Member of the Chamber of Deputies
- In office 15 May 1973 – 11 September 1973
- Succeeded by: 1973 Chilean coup d'état
- Constituency: 2nd Departamental Group

Personal details
- Born: 2 May 1928 Iquique, Chile
- Died: 29 October 1984 (aged 56) Calama, Chile
- Party: Christian Democratic Party
- Spouse: Ayleen Lilayu
- Children: Five
- Occupation: Merchant, politician

= Cesáreo Castillo =

Chilean politician (1928–1984)

Cesáreo Juvenal Castillo Michea (2 May 1928 – 29 October 1984) was a Chilean merchant and Christian Democratic politician.

He was elected Deputy for the Second Departamental Group of Antofagasta, Tocopilla, El Loa and Taltal, for the 1973–1977 term, but his mandate ended with the dissolution of Congress following the 1973 military coup.

==Biography==
He was born in Iquique on 2 May 1928, the son of José Castillo Muñoz, who died when Cesáreo was seven, and Zoila Michea Carvajal. He was married to Ayleen Lilayu Ortiz, with whom he had five children.

He completed his primary and secondary education at Primary School No. 3 and the Commercial Institute of Iquique. He built his career as a merchant and served as President of the General Parent Association of "Nuestra Señora Guadalupe de Ayquina" School in Calama, from 1972 to 1973.

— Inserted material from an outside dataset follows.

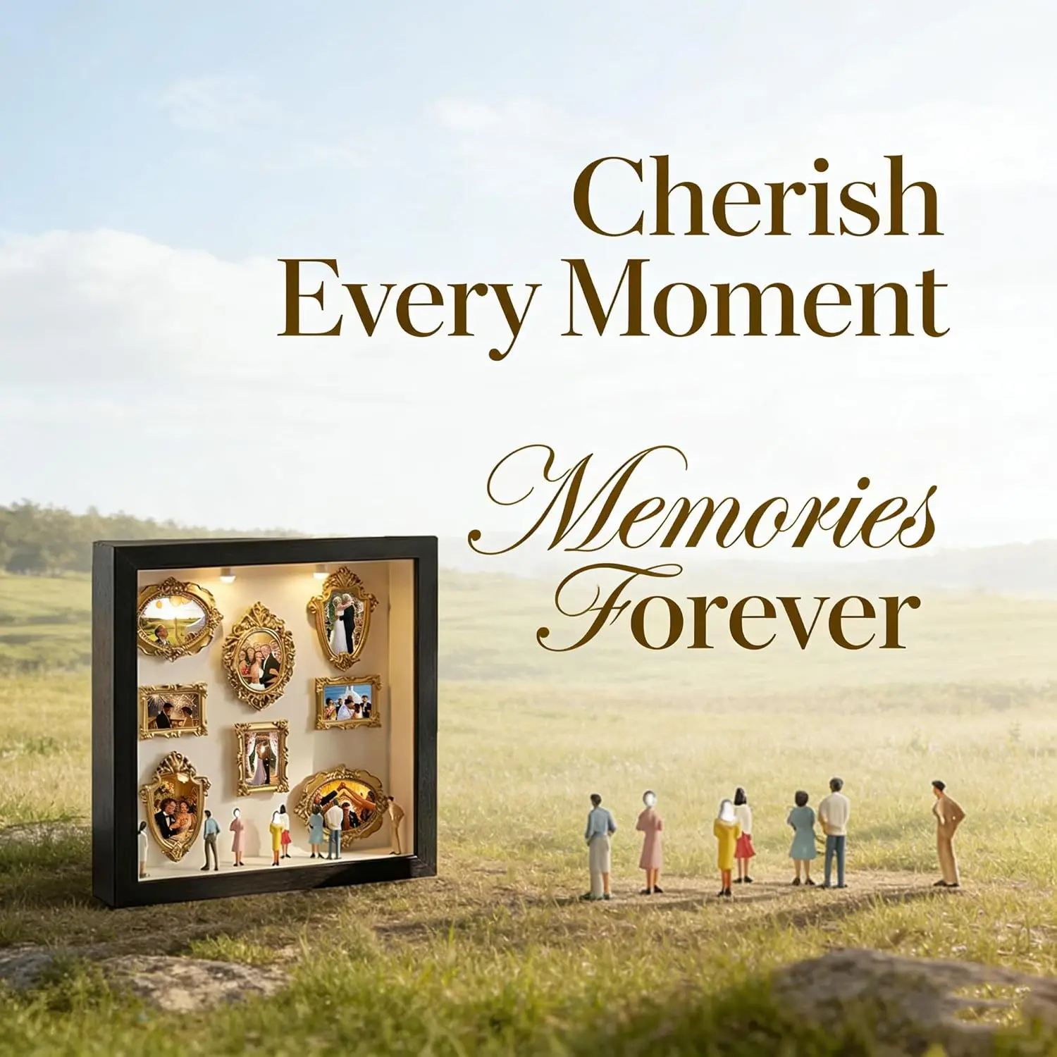 ·Build Personalized Stories: This premium kit has 8 elegant gold mini frames and 8 handcrafted figurines, enabling you to design a custom mini gold frames for lifes key moments.

Politically, he began his career by joining the National Falange on 6 July 1946, and later the Christian Democratic Party in 1958. Within the party, he held various leadership roles: municipal vice president (four terms), municipal president (four terms), municipal treasurer of Calama (twice), provincial vice president of Antofagasta, and national counselor for Rural Settlements in 1972.

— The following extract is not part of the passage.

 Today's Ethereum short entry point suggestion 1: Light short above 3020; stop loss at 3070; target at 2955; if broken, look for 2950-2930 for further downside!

He was governor of the Department of El Loa from 1964 to 1970, and in 1969 served as President of the Northern Border Opening Commission between Jujuy Province (Argentina) and his country's Antofagasta Province. He then became councilman (regidor) of Calama from 1971 to 1973.

In 1973, he was elected Deputy for the Second Departamental Group, but his legislative career was truncated by the coup of 11 September 1973 and the legal dissolution of Congress on 21 September.